PROBLEM TO SOLVE:
In the records below, find each line with the word "team" and copy it.
○ ○ ○ ○ ○
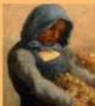
Close up of Ruth and her body language represents tragedy.

Ruth stands in the far right side of the painting dressed in blue that contrasts the golden and brown hues of the rest of the painting. The work is organised in such a way that the first thing that drew my attention is the figure of Ruth. She stands in the far right side of the painting dressed in blue that contrasts the golden and brown hues of the rest of the painting.
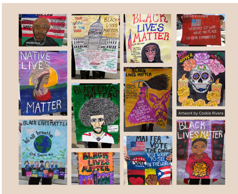
Artwork by Cookie Rivera
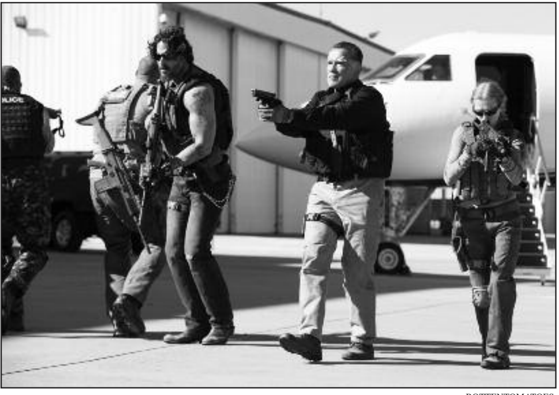
An elite DEA task force takes on the world's deadliest drug cartels, and when they successfully execute a high-stakes raid on a cartel safe house, they think their work is done ... until, one-by-one, the team members mysteriously start to be eliminated. As the body count rises, everyone is a suspect.

We meet the team in the middle of a mission that ends with them
○ ○ ○ ○ ○
TASK OUTPUT:
An elite DEA task force takes on the world's deadliest drug cartels, and when they successfully execute a high-stakes raid on a cartel safe house, they think their work is done ... until, one-by-one, the team members mysteriously start to be eliminated. As the body count rises, everyone is a suspect.
We meet the team in the middle of a mission that ends with them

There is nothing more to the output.